The distribution decision is primarily concerned with the supply chain’s front-end or channels of distribution that are designed to move the product.
Figure 1.5 Supply Chain 
Thus to increase value and as such gain competitive advantage a company need to take into account the following factors.
Cost Savings in Specialization – Members of the distribution channel are specialists in what they do and can often perform tasks better and at lower cost (i.e. DHL, Hermes and UPS parcels can go as low as $5 per 10 kg) than companies who do not have distribution experience. Marketers attempting to handle too many aspects of distribution may end up exhausting company resources as they learn how to distribute their product. Dell demonstrated the use of the services of courier companies thus increasing its efficiency and adding value.
Reduce Exchange Time – Not only are channel members able to increase value through reduction of distribution costs by being experienced at what they do, they often perform their job more rapidly resulting in faster product delivery. Without Dell merger centres and courier’s warehousing hundreds of trucks would line up each day to make deliveries, many of which would consist of only a few boxes.
Resellers Sell Smaller Quantities – Not only do resellers allow customers to purchase products from a variety of suppliers, they also allow customers to purchase in quantities that work for them. Suppliers though like to ship products they produce in large quantities since this is more cost effective than shipping smaller amounts.
Offer Financial Support – Resellers often provide programs that enable customers to more easily purchase products by offering financial programs that ease payment requirements. These programs include allowing customers to: purchase on credit; purchase using a payment plan; delay the start of payments; and allowing trade-in or exchange options.

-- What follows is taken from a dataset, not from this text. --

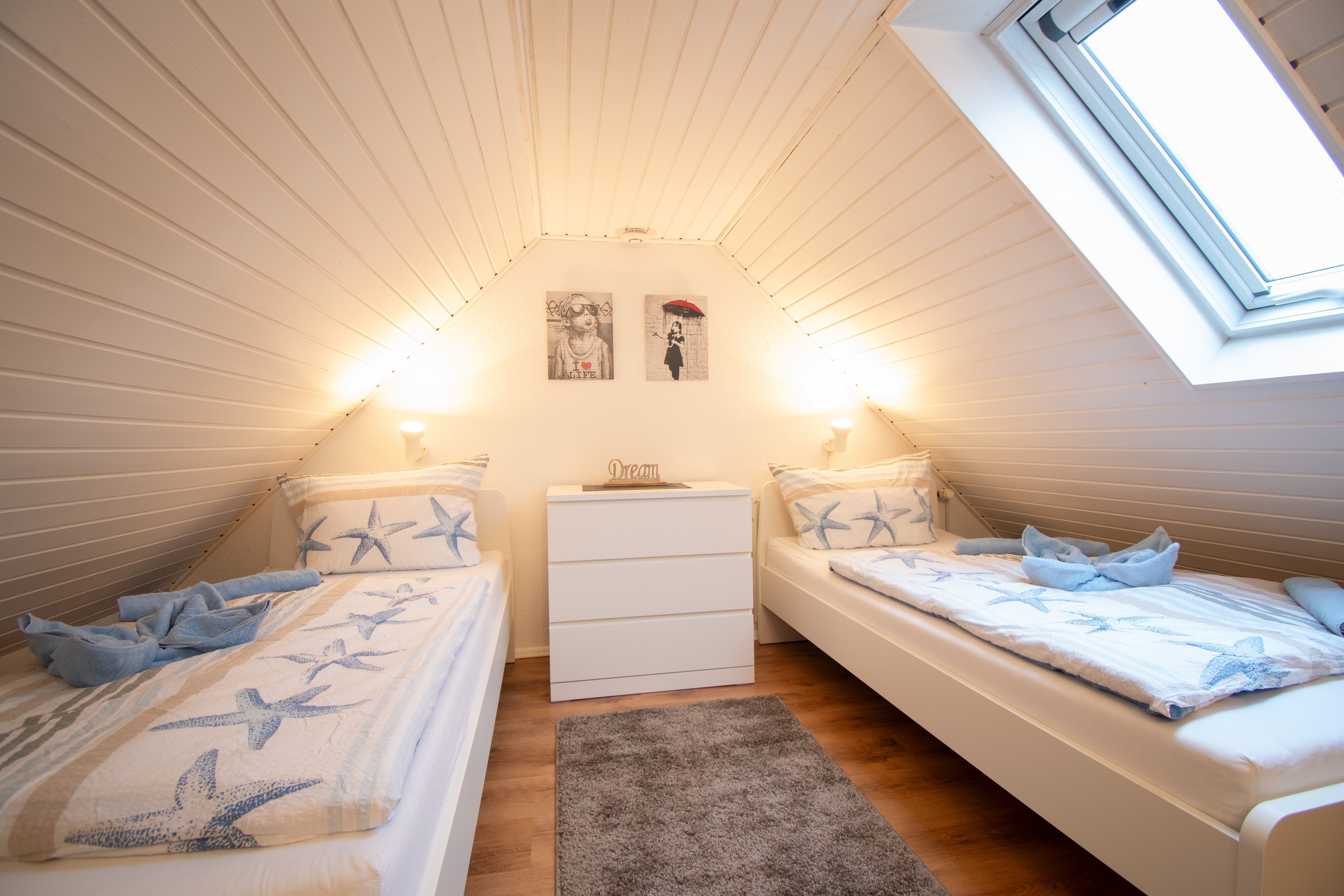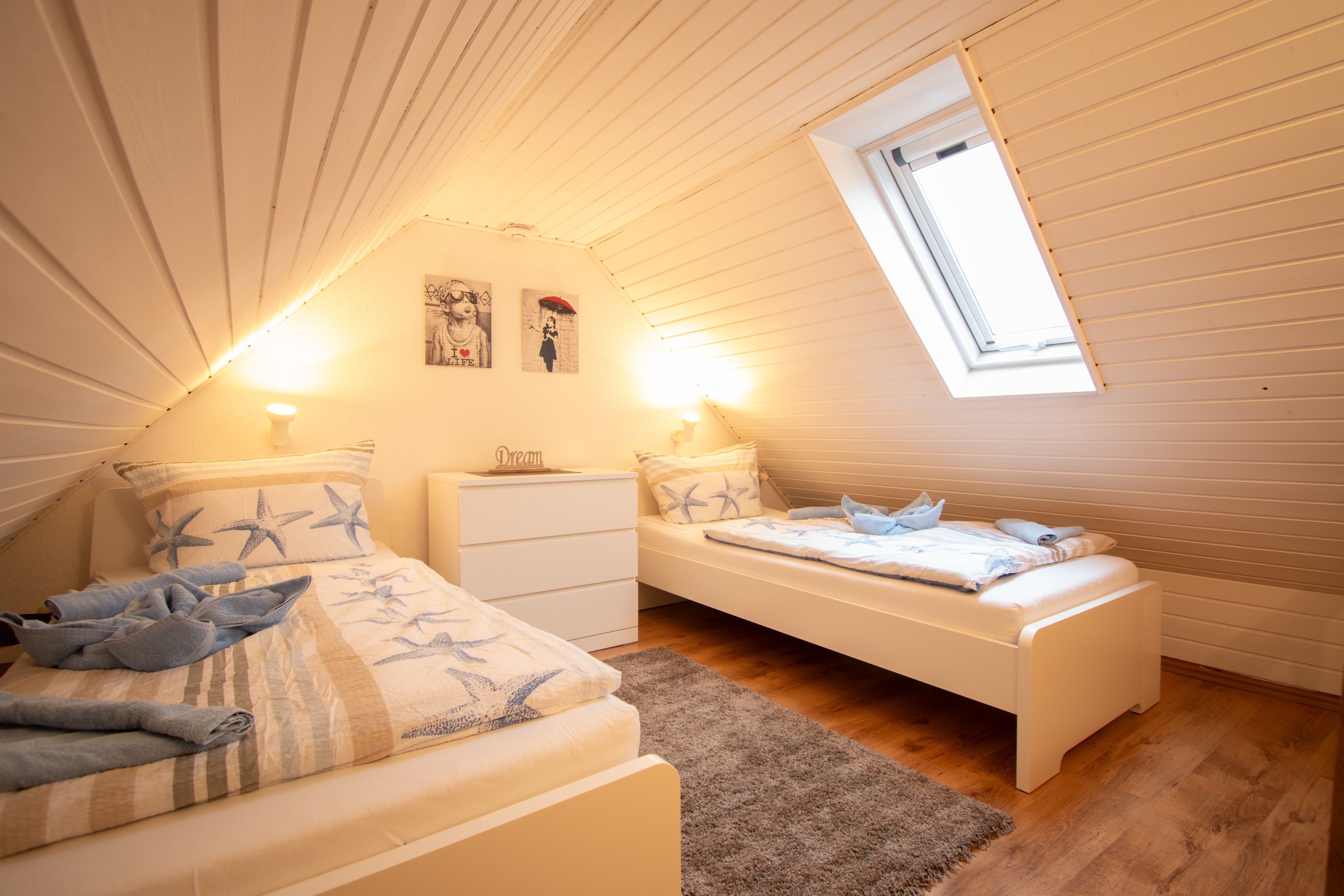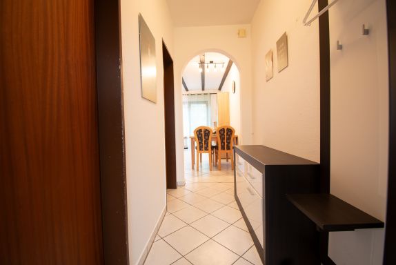 Moin und Willkommen im Reihenmittelhaus Hübner, Hollwert 39e. Strandnah gelegen und in ruhiger Sackgassenlage ideal für die Familie und den Hundefreund. Ab Diele geht es links in die separate Küche. Hier befindet sich auch das Gäste-WC mit Waschmaschine. Geradeaus geht es weiter in den Wohnbereich mit Essplatz und Terrassenausgang. Schlafmöglichkeiten für fünf Personen befinden sich im ersten Obergeschoss und im Dachgeschoss; ein Schlafzimmer mit Doppelbett und eines oben mit zwei Einzelbetten. Eine 140x200 Schlafcouch steht auf der Flurebene. Die Terrasse ist sichtgeschützt durch zwei Holzelemente und begrünt. Ihr Fahrzeugstellplatz befindet sich unmittelbar vor der Reihenhausanlage.

Provide Information – Companies utilizing resellers for selling their products depend on distributors to provide information that can help improve the product. High-level intermediaries may offer their suppliers real-time access to sales data including information showing how products are selling by such characteristics as geographic location, type of customer, and product location (e.g., where located within a store, where found on a website). If high-level information is not available, marketers can often count on resellers to provide feedback as to how customers are responding to products. This feedback can occur either through surveys or interviews with reseller’s employees or by requesting the reseller allow the marketer to survey customers.